Problem details | What is needed is an exact reproduction of the listing, without its pictures.
● ● ● ● ●
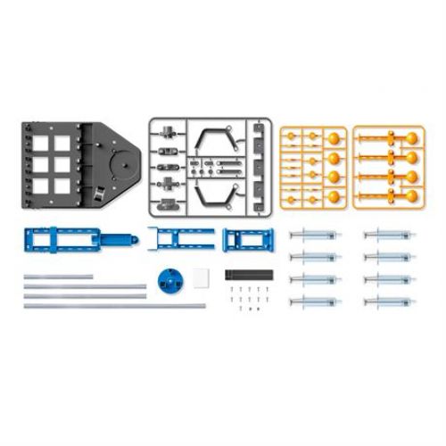 Набор состоит из: ручка x 4, крышка ручки, левый коготь, правый коготь, разъем когтя x 2, штифт x 3, стопор x 2, ползунок нижняя часть, крышка шприца, верхняя часть ползуна, шарнир шприца, держатель шприца, колпачок иглы x 6, колпачок поршня x 7, колпачок ручки x 4, основание пластины, рама когтя, вращающейся рама, рама верхнего рычага, основа вращающейся шприц x 8, поршень шприца x 8, коготь прокладки, длинная труба, средняя труба x 2, короткая труба, клеевая лапка, маленький винт x 11 винт с плоской вершиной x 2.
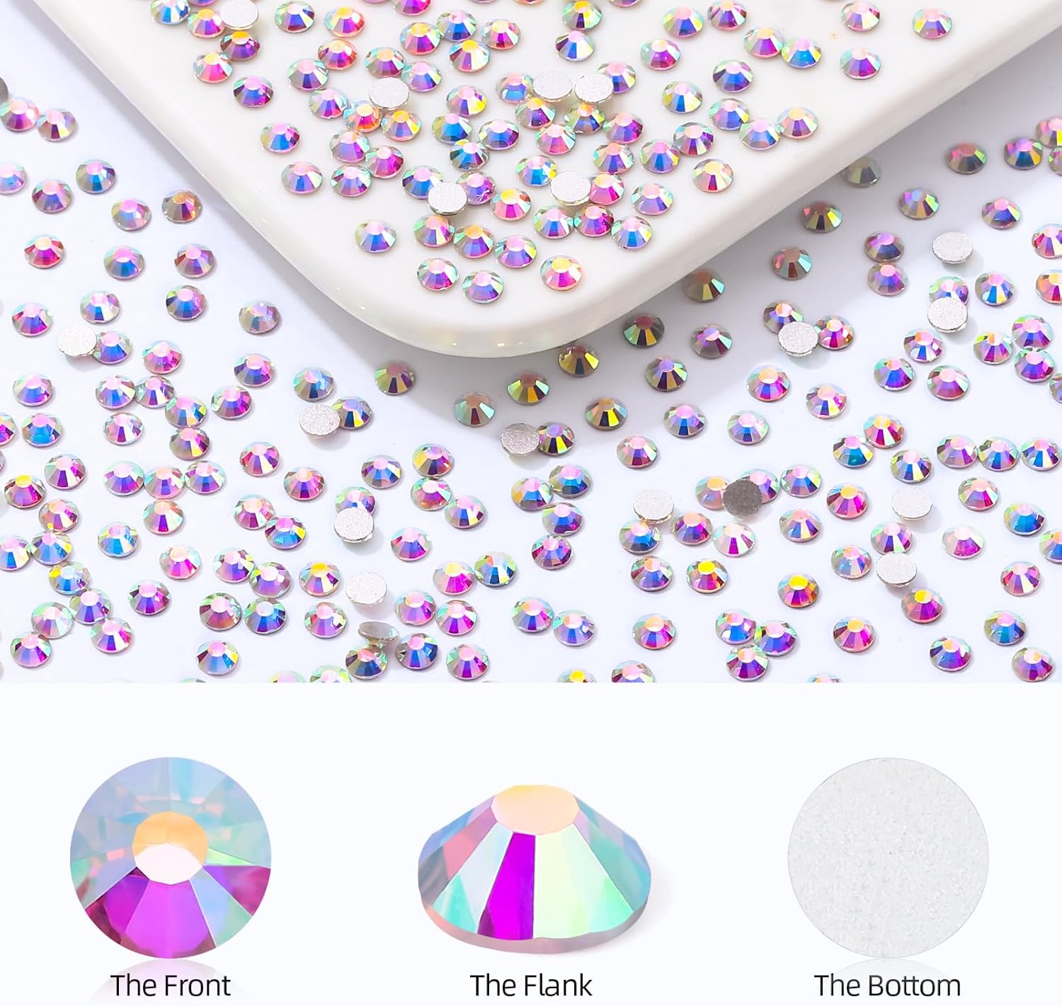 Crystal AB Flatback Rhinestones, Glass Rhinestones for Nail Art and Craft, Glue Fix, Loose Crystal Gemstones(Crystal AB, SS3, 1440pcs, 1.3-1.4mm)
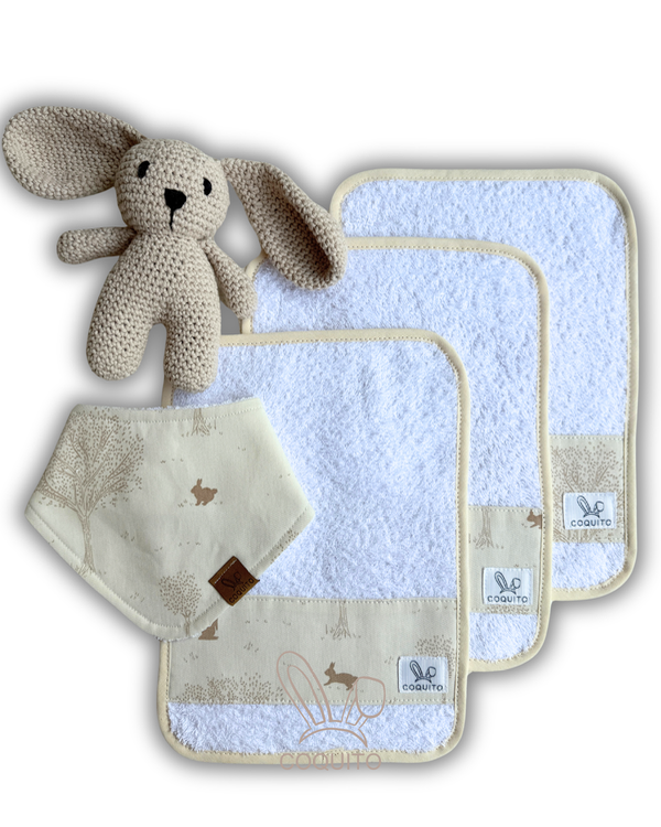 Kit x 3 Babitas y Bandanita Conejitos Beige
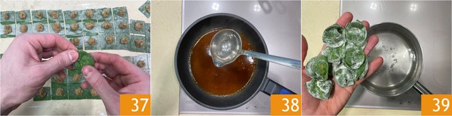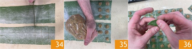 Cut squares of about 2 1/2 x 2 1/2 inches 34. Fill with the filling 35 by squeezing balls of mixture. Now close the pasta by matching the corners to form a triangle 36.
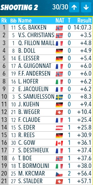 19 человек отстрелялись точно. Баккен, Эдер и Клод в лидерах.
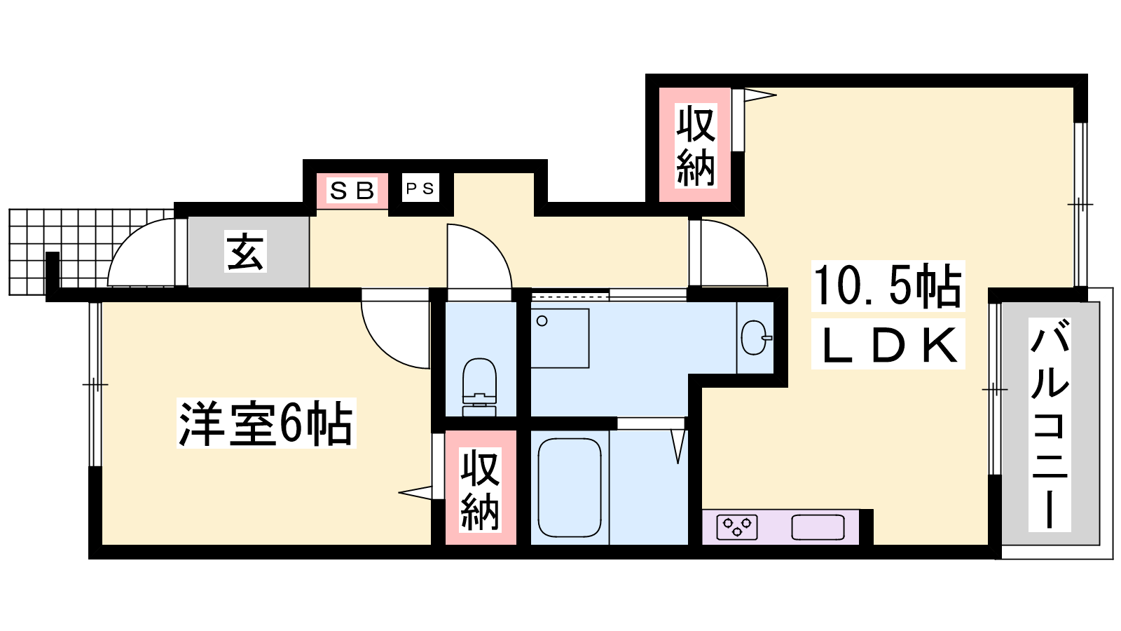- LDK10.5帖、洋室6帖
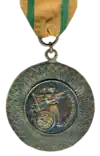 • Class II: It consists of oxidized bronze metal. It is round in shape. On its front side, the word “courage” is in the middle of the circle, surrounded by a group of swords and two branches of olives on the edges, and the phrase 'Democratic Republic of Sudan' on its back side. The medallion is worn on the chest on the left side with a ribbon of shiny silk Corrugated longitudinally divided by four white lines.[5]
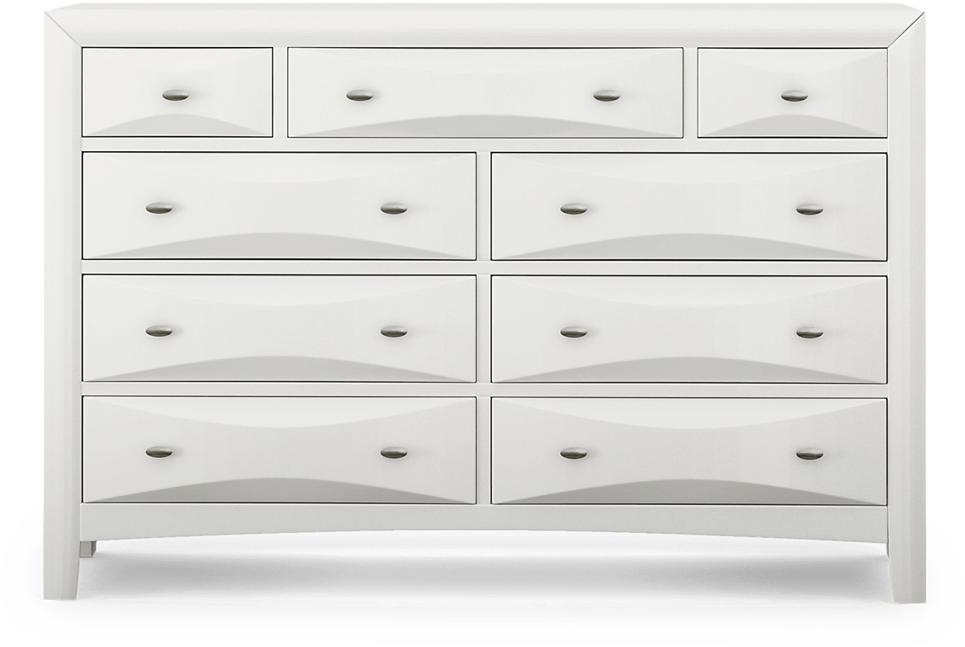 A stylish solution for storing clothing, the Ivy League 2.0 dresser is an eye-catching piece. Crafted of poplar solids, with a classic white finish, the dresser features nine drawers with solid French dovetail construction. Bevel edged drawers, along with brushed nickel pulls and shaped legs, complete the look.
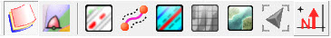 Use this button in combination with the Easting/Northing or Latitiude/Longitude coordinates in the To and From panels and with the mouse cursor. The button is activated by clicking in the Easting/Northing or Latitiude/Longitude box. The cursor changes into a range and bearing symbol to indicate that a selection in the navigation screen is expected.
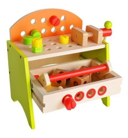Страхотна, развиваща играчка, която всеки малък майстор ще хареса. Дървената работилница за деца ще им позволи да имитират възрастните, а знаете, че ученето чрез имитация е най-добрия начин за развиване на различните умения. Използвайки винтове, гайки, гаечни ключове и отвертки ще могат да се изградят багер, кран, вятърна мелница, самолет, робот и много други фигури. Мъниците ще се научат и колко е важно да се внимава с инструментите, докато стимулират фините си моротни умения. Работната маса разполага с чекмедже, в което да се слагат инструментите, а на гърба има достатъчно дупки, че да се направи рафт за инструменти. Заниманията с комплекта насърчават сръчността, въображението и логическото мислене. С толкова много аксесоари няма как да се скучае!
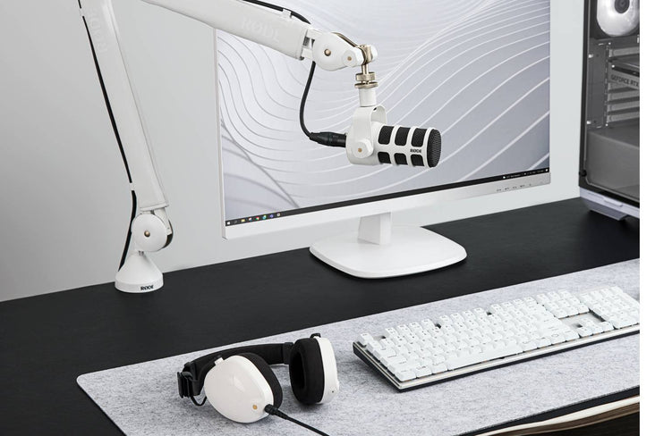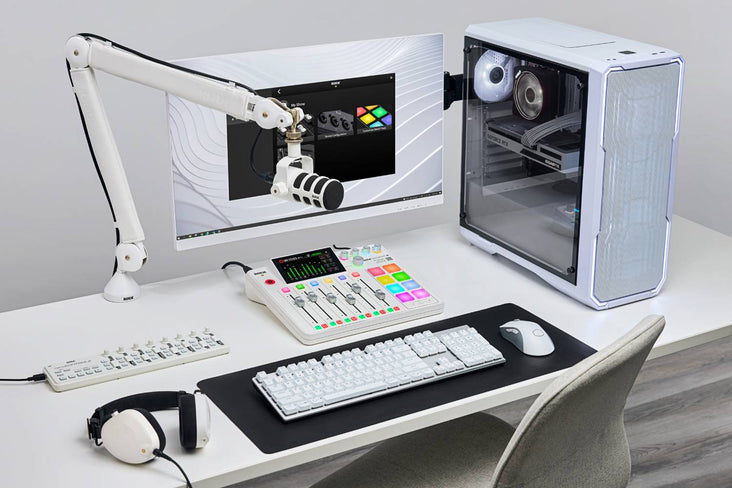 Monitor your audio confidently and comfortably with the white Rode NTH-100, a set of professional headphones designed for all forms of content creation, including mixing, audio and video production, location recording, podcasting, streaming, and daily listening. Featuring custom-matched 40mm dynamic drivers housed in over-ear, closed-back earcups with precision-engineered acoustic construction, the NTH-100s deliver a balanced, "unhyped" tonal signature, clarity, and extended bandwidth. Enjoy excellent passive isolation from external sounds and no leakage into your room or microphones, ensuring top-quality audio monitoring in any environment.
● ● ● ● ●
Written solution |
 Набор состоит из: ручка x 4, крышка ручки, левый коготь, правый коготь, разъем когтя x 2, штифт x 3, стопор x 2, ползунок нижняя часть, крышка шприца, верхняя часть ползуна, шарнир шприца, держатель шприца, колпачок иглы x 6, колпачок поршня x 7, колпачок ручки x 4, основание пластины, рама когтя, вращающейся рама, рама верхнего рычага, основа вращающейся шприц x 8, поршень шприца x 8, коготь прокладки, длинная труба, средняя труба x 2, короткая труба, клеевая лапка, маленький винт x 11 винт с плоской вершиной x 2.
 Crystal AB Flatback Rhinestones, Glass Rhinestones for Nail Art and Craft, Glue Fix, Loose Crystal Gemstones(Crystal AB, SS3, 1440pcs, 1.3-1.4mm)
 Kit x 3 Babitas y Bandanita Conejitos Beige
 Cut squares of about 2 1/2 x 2 1/2 inches 34. Fill with the filling 35 by squeezing balls of mixture. Now close the pasta by matching the corners to form a triangle 36.
 19 человек отстрелялись точно. Баккен, Эдер и Клод в лидерах.
- LDK10.5帖、洋室6帖
 • Class II: It consists of oxidized bronze metal. It is round in shape. On its front side, the word “courage” is in the middle of the circle, surrounded by a group of swords and two branches of olives on the edges, and the phrase 'Democratic Republic of Sudan' on its back side. The medallion is worn on the chest on the left side with a ribbon of shiny silk Corrugated longitudinally divided by four white lines.[5]
 A stylish solution for storing clothing, the Ivy League 2.0 dresser is an eye-catching piece. Crafted of poplar solids, with a classic white finish, the dresser features nine drawers with solid French dovetail construction. Bevel edged drawers, along with brushed nickel pulls and shaped legs, complete the look.
 Use this button in combination with the Easting/Northing or Latitiude/Longitude coordinates in the To and From panels and with the mouse cursor. The button is activated by clicking in the Easting/Northing or Latitiude/Longitude box. The cursor changes into a range and bearing symbol to indicate that a selection in the navigation screen is expected.
Страхотна, развиваща играчка, която всеки малък майстор ще хареса. Дървената работилница за деца ще им позволи да имитират възрастните, а знаете, че ученето чрез имитация е най-добрия начин за развиване на различните умения. Използвайки винтове, гайки, гаечни ключове и отвертки ще могат да се изградят багер, кран, вятърна мелница, самолет, робот и много други фигури. Мъниците ще се научат и колко е важно да се внимава с инструментите, докато стимулират фините си моротни умения. Работната маса разполага с чекмедже, в което да се слагат инструментите, а на гърба има достатъчно дупки, че да се направи рафт за инструменти. Заниманията с комплекта насърчават сръчността, въображението и логическото мислене. С толкова много аксесоари няма как да се скучае!
 Monitor your audio confidently and comfortably with the white Rode NTH-100, a set of professional headphones designed for all forms of content creation, including mixing, audio and video production, location recording, podcasting, streaming, and daily listening. Featuring custom-matched 40mm dynamic drivers housed in over-ear, closed-back earcups with precision-engineered acoustic construction, the NTH-100s deliver a balanced, "unhyped" tonal signature, clarity, and extended bandwidth. Enjoy excellent passive isolation from external sounds and no leakage into your room or microphones, ensuring top-quality audio monitoring in any environment.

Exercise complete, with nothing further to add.